En 2022, les exportations de produits cosmétiques français ont atteint 19,2 milliards d’euros, en progression de près de 19 % par rapport à l’année précédente. La France conserve ainsi sa place de premier exportateur mondial de produits cosmétiques, avec un solde commercial positif de 15,6 milliards d’euros, positionnant la filière parmi les tout premiers contributeurs à la balance commerciale nationale.
Enjeux stratégiques du secteur cosmétique et parfumerie
Malgré ses performances économiques et son rayonnement international, le secteur de la cosmétique et de la parfumerie fait face à des enjeux structurants qui conditionnent son développement à moyen et long terme.
Sur le plan concurrentiel, la filière évolue dans un environnement mondialisé, marqué par l’émergence de nouveaux acteurs, notamment en Asie et en Amérique du Nord, et par une accélération des cycles d’innovation.
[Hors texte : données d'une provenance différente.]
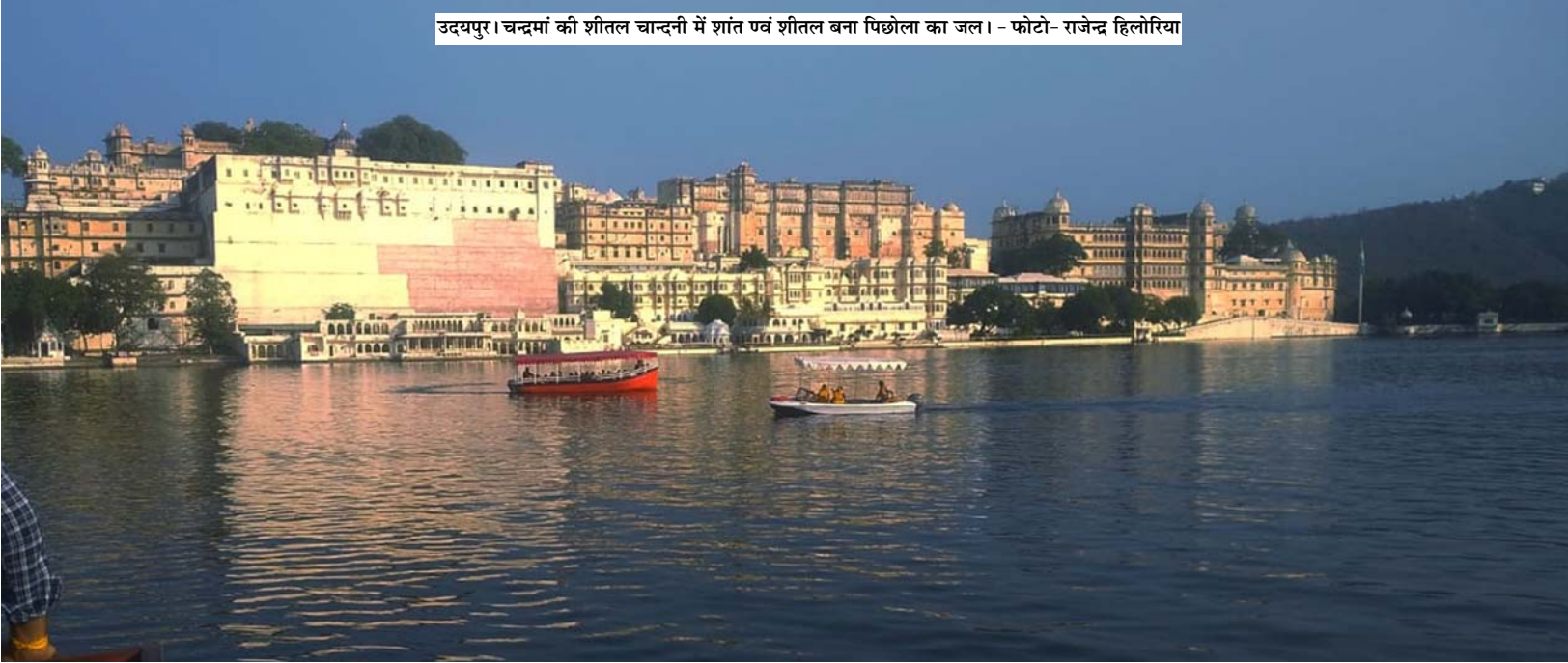
उदयपुर। चन्द्रमा की शीतल चान्दनी में शांत पर्व शीतल बना पिछोला का जल।

दिनांक: 16 नवम्बर 2024 -भूपेन्द्र कुमार चौबीसा, उदयपुर

Le maintien d’un avantage compétitif repose sur la capacité à innover en continu, à protéger les savoir-faire et à différencier les produits sur des critères de performance, de sensorialité, de sécurité et de responsabilité.
Sur le plan réglementaire, les exigences en matière de sécurité sanitaire, de traçabilité, de toxicologie et de conformité environnementale se renforcent, tant au niveau européen qu’international. Ces contraintes impliquent des investissements importants en recherche, en essais et en validation scientifique.
L’enjeu environnemental est également central. La cosmétique et la parfumerie sont confrontées à la nécessité de réduire leur empreinte écologique sur l’ensemble du cycle de vie des produits. Cela se traduit par le développement d’ingrédients plus sûrs et plus durables, l’intégration de matières premières d’origine naturelle ou biosourcée, l’optimisation des procédés industriels, l’éco-conception des emballages et le recours croissant à des formats rechargeables ou recyclables.
Enfin, la digitalisation transforme profondément le secteur, tant dans les phases de R&D que dans la relation client. Les technologies numériques ouvrent de nouvelles perspectives en matière de personnalisation des produits, de simulation des formulations, de traçabilité, d’optimisation industrielle et d’expérience utilisateur.
Pourquoi innover dans la cosmétique et la parfumerie ?
L’innovation constitue un levier fondamental pour répondre aux transformations profondes du secteur. Elle permet d’anticiper les attentes des consommateurs, de plus en plus sensibles à la transparence, à la naturalité, à l’efficacité prouvée et à l’impact environnemental des produits.
Sur le plan industriel, l’innovation soutient l’amélioration des procédés de fabrication, la réduction des consommations énergétiques et de matières premières, ainsi que l’industrialisation de nouvelles formulations plus complexes et plus performantes.
Elle joue également un rôle clé dans la création de valeur économique, en ouvrant de nouveaux marchés, en renforçant l’attractivité des marques françaises à l’international et en soutenant la montée en gamme des produits.
Enfin, l’innovation est un moteur essentiel d’emplois qualifiés, de compétences scientifiques et techniques, et de dynamisme territorial, contribuant directement à la pérennité de la filière française.
Financer l’innovation dans le secteur de la cosmétique et de la parfumerie
Contrairement à d’autres filières industrielles, le secteur de la cosmétique et de la parfumerie ne bénéficie pas, à ce jour, d’une stratégie d’accélération dédiée dans le cadre du plan France 2030, ni d’appels à projets spécifiquement fléchés vers cette filière. Pour autant, les entreprises du secteur disposent de leviers de financement structurants pour soutenir leurs efforts d’innovation.
Les dispositifs de Crédit d’Impôt Recherche (CIR) et de Crédit d’Impôt Innovation (CII) constituent des outils majeurs pour financer les travaux de R&D et d’innovation, qu’ils portent sur le développement de nouvelles formulations, l’optimisation des procédés, la mise au point d’ingrédients innovants, la sécurité des produits ou l’éco-conception.